As diferenças internas nos apontam caminhos de possíveis análises dos fios que constituem o tecido de ligação, por exemplo, entre a identidade legitimadora e a identidade de resistência. Em que medida as (sub)identidades estabelecidas em cada extremidade se configuram como polaridades que não se tocam? (BHABHA, 1998). Em sociedades que aceitam passivamente as distorções de suas desigualdades sociais, há poucas chances da minoria ideológica ser ouvida. Todas elas localizadas em frontes abertos por conflitos incômodos para os grupos localizados nas identidades legitimadora e, eventualmente, de projeto. A identidade de resistência se estabelece, em sua atitude negadora da subjugação, em tentativas de reconfiguração das condições adversas a que os seus indivíduos estão submetidos.
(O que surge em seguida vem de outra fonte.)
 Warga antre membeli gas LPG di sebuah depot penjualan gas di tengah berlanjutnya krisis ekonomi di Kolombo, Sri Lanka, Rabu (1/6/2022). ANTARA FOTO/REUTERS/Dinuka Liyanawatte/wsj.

Seus movimentos se dão motivados tanto por uma racionalidade instrumentalizadora das suas necessidades imediatas, como por uma racionalidade substantivada pelo desejo de garantir a existência legítima de suas subjetividades. A sua afirmação nega, potencialmente, uma unidade idealizada.

Na medida em que o discurso identitário tem sido apropriado pelo Estado como um recurso na “conversão perversa das energias emancipatórias em energias regulatórias (...), em uma crescente promiscuidade entre o projeto da modernidade e o desenvolvimento histórico do capitalismo” (SOUZA SANTOS, 1994: 33), o seu exame pode nos permitir uma análise do seu agente construtor e/ou articulador, dos grupos que possuem maior aderência aos seus projetos, daqueles grupos que emergiam por terem seus apelos identitários incorporados ao discurso hegemônico e, ao mesmo tempo, das energias sociais alternativas que vão se configurando como contra-hegemônicas.
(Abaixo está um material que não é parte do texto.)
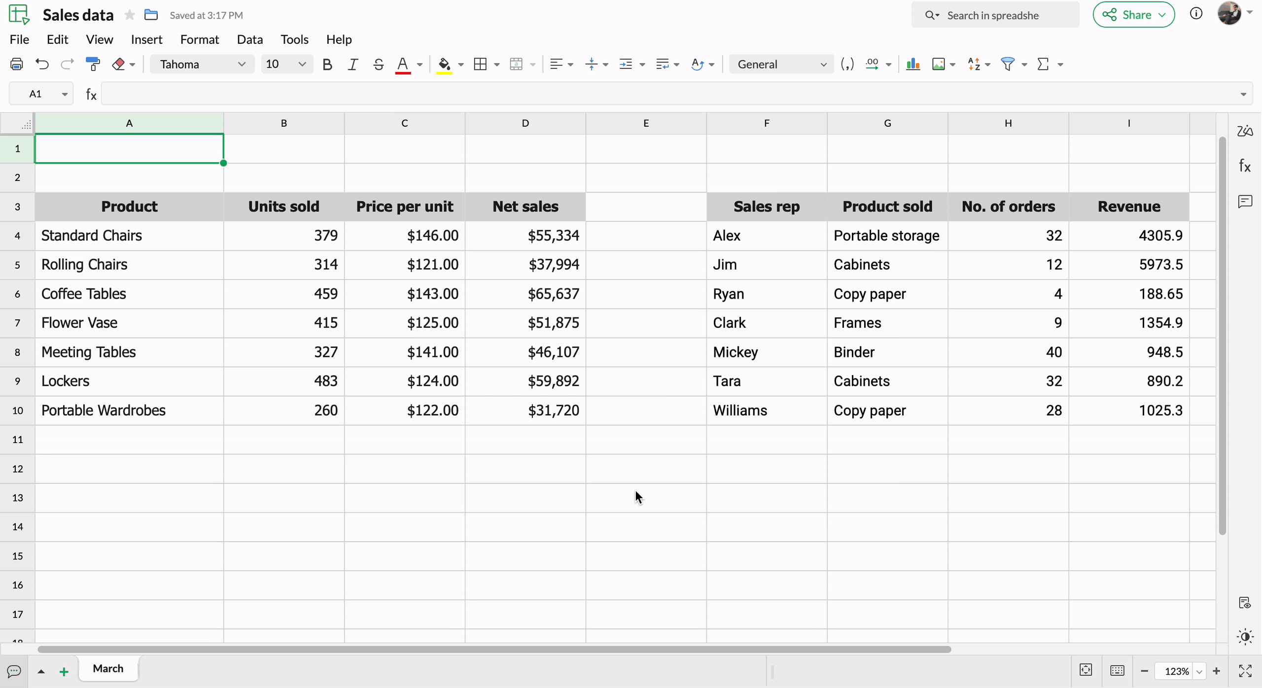 4. シート全体を選択するには、Cmd/Ctrl + A を押します。

A articulação das representações sociais dos grupos minoritários tenderia à reafirmação das suas diferenças simbólicas em relação às representações dos que

estão no topo social, mesmo que sejam preservados elementos comuns. Essa possibilidade de se expressar na periferia do poder pode ser uma oportunidade em duas perspectivas extremas para o gestor público disposto a escutar as vozes dissonantes internas: (i) a apropriação, sob o propósito de manipulação, dessas representações com fins meramente instrumentais ou de dominação política. Mas, como as identidades são fluídas, há sempre a possibilidade de se reconfigurar tais representações em sentidos que se descolem das razões funcionais operadas pelos sentidos de dominação; e a (ii) sua incorporação aos referenciais que norteiam a definição de políticas públicas de caráter inclusivo, ampliando o pertencimento a uma racionalidade maior, substantivada por se tornar acolhedora de demandas amplas. Tal prática é substantivamente menor do que a primeira alternativa.